Being in Düsseldorf and being introduced to the German language, I have found the beauty in where we see ideas that span across cultures such as these nuanced ideas of home. For example, in German, there are two words that translate to the idea of Home. Zuhause is used
similarly to the word house in English. It refers to a building that houses you, it is also translated as crib leading me to think of the physical place of comfort when we are young, where we grow.
Then there is Heimat. Heimat translates to city of your birth, homeland, habitat, mother country.

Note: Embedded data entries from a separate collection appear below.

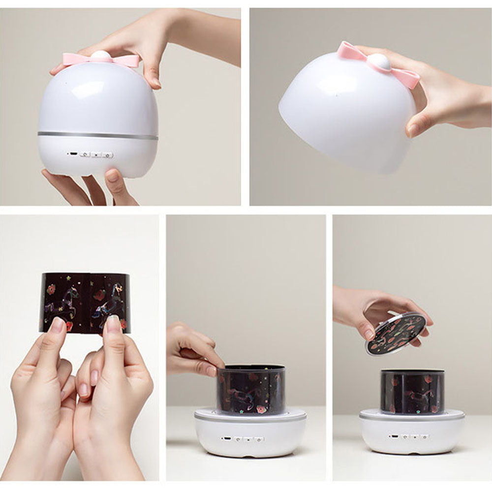 Zwykły pokój w kilka sekund może zmienić się w magiczną galaktykę – wszystko za sprawą tego niezwykłego projektora gwiazd, który jednocześnie pełni funkcję delikatnej lampki nocnej. Po jego włączeniu ściany i sufit rozświetlają się tysiącami maleńkich światełek, tworząc niepowtarzalny klimat pełen gwiazd, planet i... nie tylko! W zestawie znajdują się także wzory przedstawiające urocze zwierzątka, konstelacje oraz inne bajkowe kształty, które pobudzają wyobraźnię i wprowadzają atmosferę spokoju oraz zachwytu.
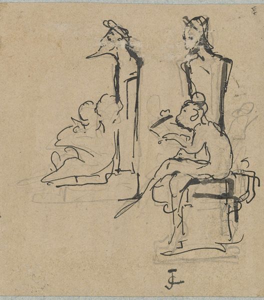 Editor: Here we have Kawanabe Kyosai's "Sketches of East Asian Legendary Figures," created sometime between 1867 and 1889. It's an ink drawing on paper, currently residing at the Met. They feel spontaneous, but each character is so distinct. How would you approach interpreting this work? Curator: For me, the power lies in examining Kyosai's process. Notice the quick, confident ink strokes. It speaks to a mastery gained through years of labor, transforming the mundane act of sketching into a sophisticated form. Consider the socio-economic context. Paper and ink, while relatively common, still represent a resource. The artist's access to these materials suggests a certain level of patronage or marketability, influencing both the creation and dissemination of his art. What was the cultural value placed on sketch making in Japan? Editor: That's interesting; I hadn’t thought about access to materials influencing his art. Are you saying the *materials* themselves can change how we understand the artist's status and, maybe, even their intentions? Curator: Precisely! Think about the ink itself: Where did it come from? Who made it? These drawings are also inherently connected to a network of labor and consumption. This wasn't a solitary act, but the product of various interconnected processes, from resource extraction to artisanal production. This piece compels us to confront traditional art historical notions by embracing material analysis. Editor: I always thought about the imagery *in* a piece being symbolic but never that the medium itself carried a social story! I see this sketch in a new light now. It makes you consider where artistic choices come from, culturally. Curator: Exactly! By focusing on materiality, we're questioning boundaries between “high art” and the everyday objects. We acknowledge the work involved in crafting art. The materials carry layers of cultural and economic implications. It is exciting, no?
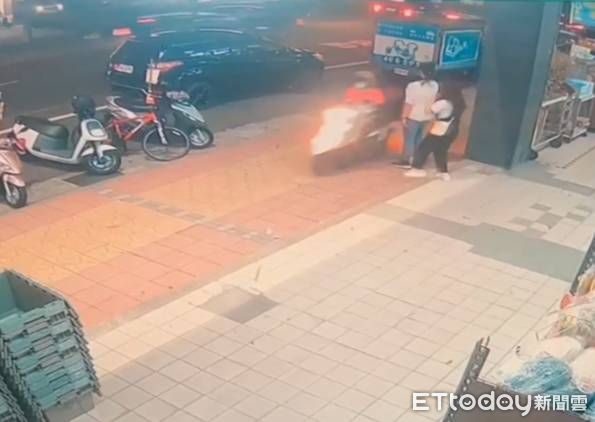 ▲男子從五金行走出來,被違規騎人行道的外送員撞上。(圖/記者蔡文淵翻攝)
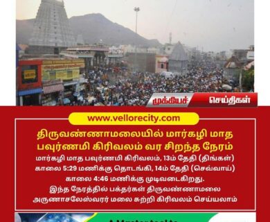 திருவண்ணாமலையில் மார்கழி மாதப் பெளா்ணமி கிரிவலம் (ஜனவரி – 13) திங்கட்கிழமை காலை 5.29 மணிக்கு தொடங்கி செவ்வாய்கிழமை (ஜனவரி – 14) காலை 04:46…
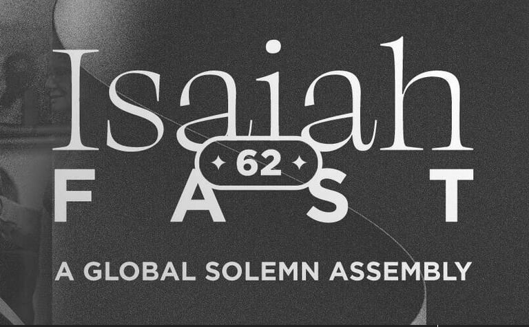 Une collaboration de plusieurs milliers de ministères appelle un million de croyants à participer à une assemblée solennelle mondiale (du 7 au 28 mai) pour jeûner de diverses manières et prier pour les desseins du Seigneur pour Israël ET pour lui demander de susciter 100 millions d'intercesseurs pour Israël selon sa promesse dans Esaïe 62:6 de souverainement "établir", "appeler" ou "marquer" des intercesseurs qui rappelleront au Seigneur ses promesses pour Jérusalem jusqu'à ce que Jésus revienne. Ésaïe 62:6 est une promesse de la fin des temps qui se manifeste de plus en plus maintenant sur la terre.
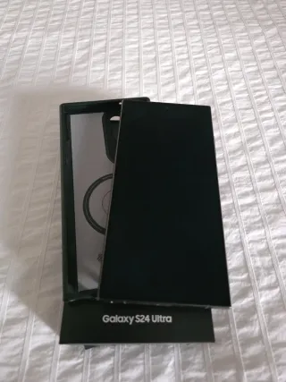 Teléfono móvil Samsung Galaxy S24 Ultra en color negro y con 256GB de almacenamiento.Completamente nuevo con menos de un año de uso y sin ningún golpe,arañazo o rasguño.Se adjunta ticket de compra de El Corte Inglés cubriendo así la garantía y su caja correspondiente completa. Y una funda totalmente nueva de Spigen valorada en 40E. - Diseño elegante y moderno. - Pantalla de alta resolución. - Sistema de cámaras avanzado.
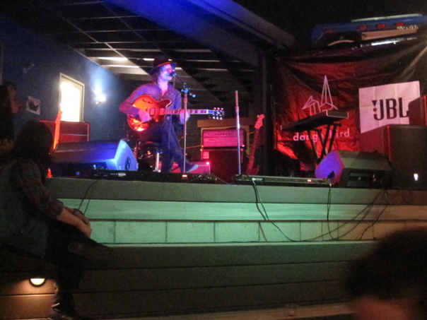 A guitarist performing his play during a contest in front of public and judges. |
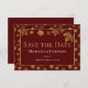 Perfeito para as comemorações do outono: convite vermelho escuro com folhas de outono com efeito folha de ouro. Todo texto pode ser personalizado neste design. Os convites e as placas estão disponíveis em uma seleção de texturas e formas de papel (borda arredondada, redimensionada etc.) Você pode encontrar outros designs com muitos produtos de coordenação na loja, incluindo convites, salvar a data e as placas rsvp, obrigado que você marcar e muito mais.
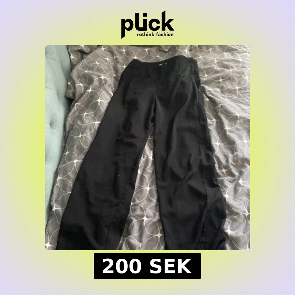 Snygga svarta byxor från Bik Bok i storlek XS. De har en klassisk design med en rak passform och är perfekta för en stilren look. Byxorna är tillverkade i ett mjukt material som ger en bekväm känsla hela dagen.
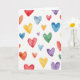This greeting card shows watercolor hearts scattered across a white background in a loose, easy pattern. The hearts come in many sizes, from small accents to larger ones that catch your eye as you look around. Colors move through reds, oranges, yellows, greens, blues, and purples, with some hearts darker and others light and see-through. You can see the paint softly bleeding at the edges, which gives each heart a gentle, washed look. There aren’t any people or objects—just a field of hearts that feels like a simple reminder that love can show up in lots of different ways. There’s no text on the front, so the design leaves room for your own words inside. It feels meaningful to give because it works for romance or close friendship without being too specific 🥰❤️.
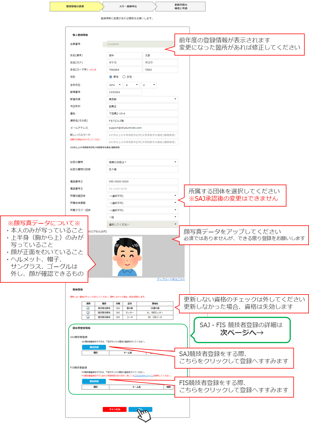 ※FIS競技者登録は、SAJ競技者登録と同様におこなってください。
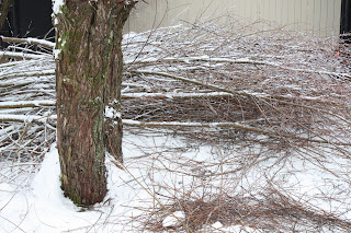 Pihalta päätettiin kaataa kaksi hopeapajua ja niissähän hommaa riittää.
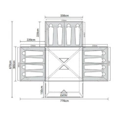 A vast yet lightweight and compact hybrid group and family air tent which represents incredible value for money. The frame of this twelve berth podded style tent is made up of both a welded central inflatable tube and 4 fibreglass poles, a hybrid which ensures both high performance and superb stability at a fantastic price point. We have afforded an ideal allocation of usable space for families and groups in this design, split between a generous commune area, and three darkened ‘Twilight’ 4-person bedrooms that can be split down to a 2/2 configured using the toggle in divider. Our bedroom ventilation system, a front mesh ventilation fly screen panel and crystal-clear window panels maintain an airy internal space and maximise airflow in warmer temperatures. There is an option to add a further Sun Canopy to the front of this tent to offer an ideal shaded area for relaxation, cooking, or dining. Outdoor Revolution understand that comfort has become a prerequisite for the modernized camper, which this tent comes complete with a Dura-tread Carpet and a Footprint Groundsheet, adding to the already outstanding value of this family tent. • 120HDE high density all weather lightweight fabric
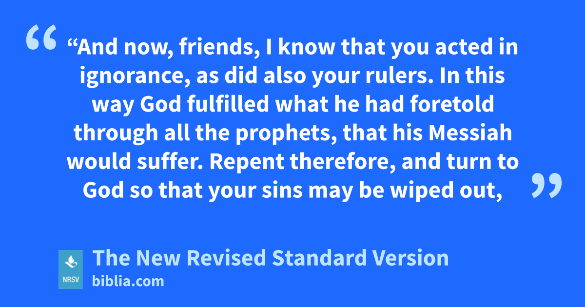 “And now, friends, I know that you acted in ignorance, as did also your rulers. In this way God fulfilled what he had foretold through all the prophets, that his Messiah would suffer. Repent therefore, and turn to God so that your sins may be wiped out,
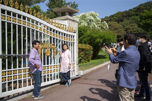 5月12日,在韩国首尔,游客参观青瓦台时合影留念。 新华社记者 王益亮 摄

It is more of a feeling of where you originate or come from, where you belong. I believe this is often why we associate home with family and vice versa. Our family lineage is our history and our parents are our origins.
I have realized that my practice has become a way to find home when those that were once my home are no longer here. It’s in the photos or the objects that hold their memories, in my mother and father who reflect my grandparents, in the conversations we have, and in the act of painting that allows me to mourn, to remember, to celebrate, and to continue to hold close.
Bibliography
Cools, Guy. Performing Mourning: Laments in Contemporary Art. Netherlands: valiz, 2021.

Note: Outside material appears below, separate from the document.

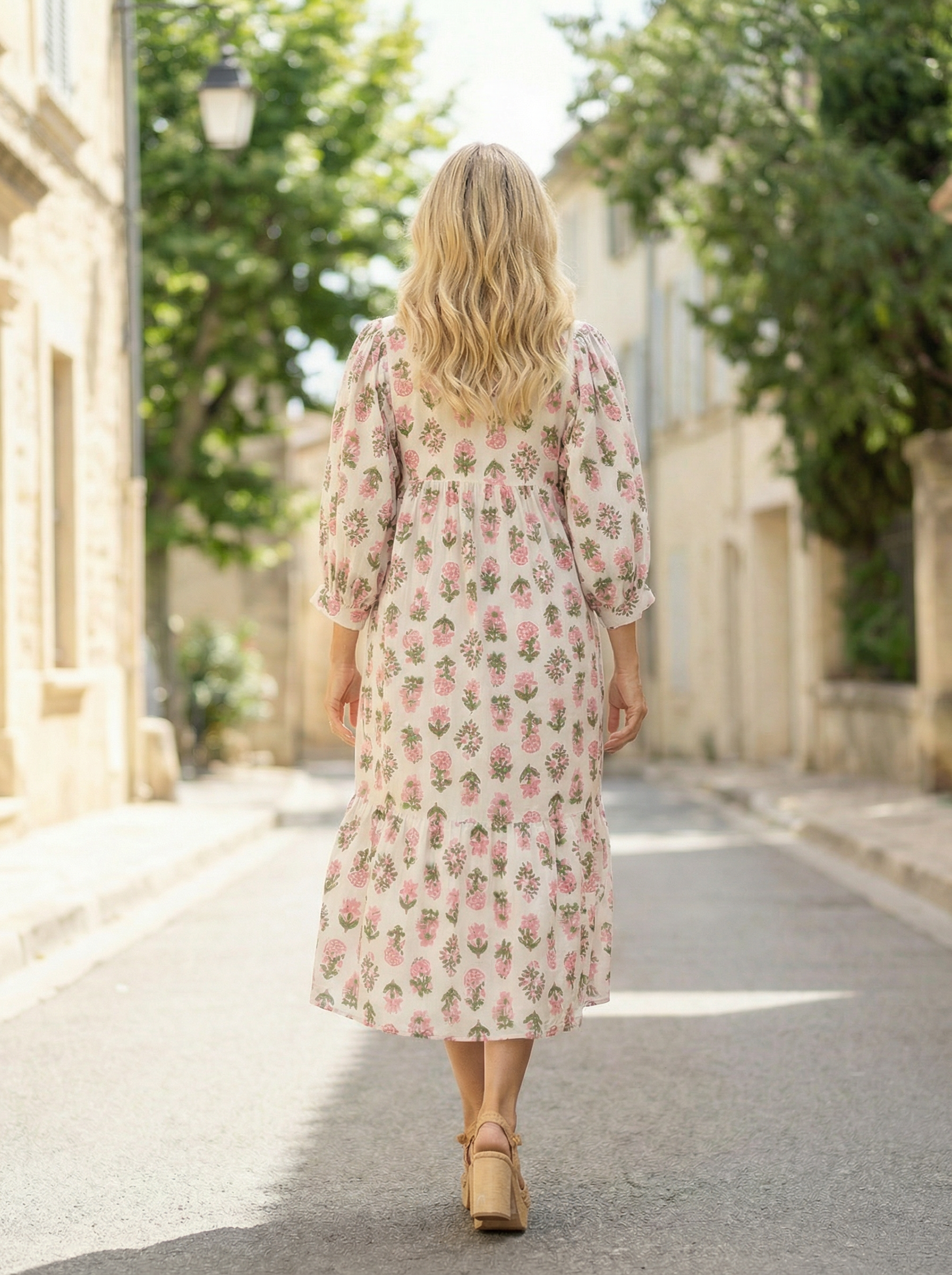 The Waylon Midi Dress is a stylish and versatile addition to any wardrobe, crafted from 100% cotton cambric for a soft and breathable feel. This elegant midi dress showcases a flattering V-neckline adorned with a delicate ruffle collar, adding a touch of femininity and charm.
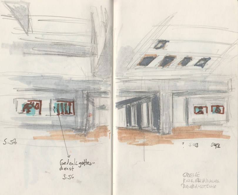 Um der Ausstellung zu folgen, muss ich etwas hinabsteigen. An der Grenzlinie zwischen Sonderausstellung und Dauerausstellung öffnet sich ein Forum, das die Niveauunterschiede zwischen den beiden Austellungstrakten ausgleicht. Rechts und links schließen sich kleinere Kabinette an, in denen weitere Bilder der Fotografin ausgestellt sind. Hinter diesen Kabinetten öffnen sich die Räume der Dauerausstellung. Man kann erkennen, dass deren Exponate in weiteren kleinen Kabinetten präsentiert werden. Es gibt eine zentralperspektivische Durchsicht zu einem abschließenden Saal. Ich habe das Gefühl, dass die Decke auf mir lastet. Der Forumsraum geht in seinen Flügeln in die Breite. Zur Mitte des Forums öffnet sich die Decke in mit einem rechteckigen Winkel nach oben .

Cucina Toscana. “Italian Feasts - All Saints’ & All Souls’ Day.” Cucina Toscana, November 3, 2016. https://toscanaslc.com/blog/italian-feast-all-saints-day-and-all-souls-day/.
Froböse, Dr. Rolf. “Scientists Find Hints for the Immortality of the Soul.” The Huffington Post, June 17th, 2014. https://www.huffingtonpost.co.uk/rolf-froboese/scientists-find-hints-for-the-immortality-of- the-soul_b_5499969.html
Jackson, Laura, Lynn. Signs: The Secret Language of the Universe. New York: Spiegel & Grau, 2019.
McCarthy, Tom. “Blurred visionary: Gerhard Richter’s photo-paintings.” The Guardian, September 22nd, 2011. https://www.theguardian.com/artanddesign/2011/sep/22/gerhard-richter- tate-retrospective-panorama
Packer, Jennifer. Jennifer Packer: The Eye Is Not Satisfied with Seeing. Edited by Melissa Blanchflower and Natalia Grabowska. London: Serpentine, 2021.